_Given material_
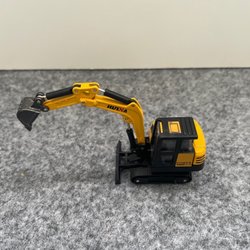Grävmaskin är klassiskt gul/vit och tillverkad av metall med plastdetaljer. Har alltid förvarats i Vitrinskåp, aldrig framtagen för annat än för fotograferingen.
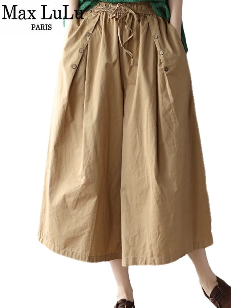 Max LuLu 2024 春パンツレディースワイドルーズヴィンテージ原宿ズボン Clic 固体弾性ハーレムパンツ エラスティック 伸縮 かわいい スプリング 春物 ソリッドカラー ビンテージ takoya0807d92793821940
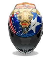 The helmet features a red, white and blue flag motif on the front with both the American and State of Texas flags, which wraps around the rear to merge with a hardwood design reminiscent of the floorboards in a Western saloon. The helmet is crowned with a Longhorn cattle skull, giving it a colorful and imposing appearance. The specially designed helmet also features a horseshoe, the COTA logo and the event logo representing the upcoming 2014 Red Bull MotoGP of the Americas.

_What is being asked_
Extract every line of the data exactly; pictures stay out.

_Answer section_
Grävmaskin är klassiskt gul/vit och tillverkad av metall med plastdetaljer. Har alltid förvarats i Vitrinskåp, aldrig framtagen för annat än för fotograferingen.
 Max LuLu 2024 春パンツレディースワイドルーズヴィンテージ原宿ズボン Clic 固体弾性ハーレムパンツ エラスティック 伸縮 かわいい スプリング 春物 ソリッドカラー ビンテージ takoya0807d92793821940
 The helmet features a red, white and blue flag motif on the front with both the American and State of Texas flags, which wraps around the rear to merge with a hardwood design reminiscent of the floorboards in a Western saloon. The helmet is crowned with a Longhorn cattle skull, giving it a colorful and imposing appearance. The specially designed helmet also features a horseshoe, the COTA logo and the event logo representing the upcoming 2014 Red Bull MotoGP of the Americas.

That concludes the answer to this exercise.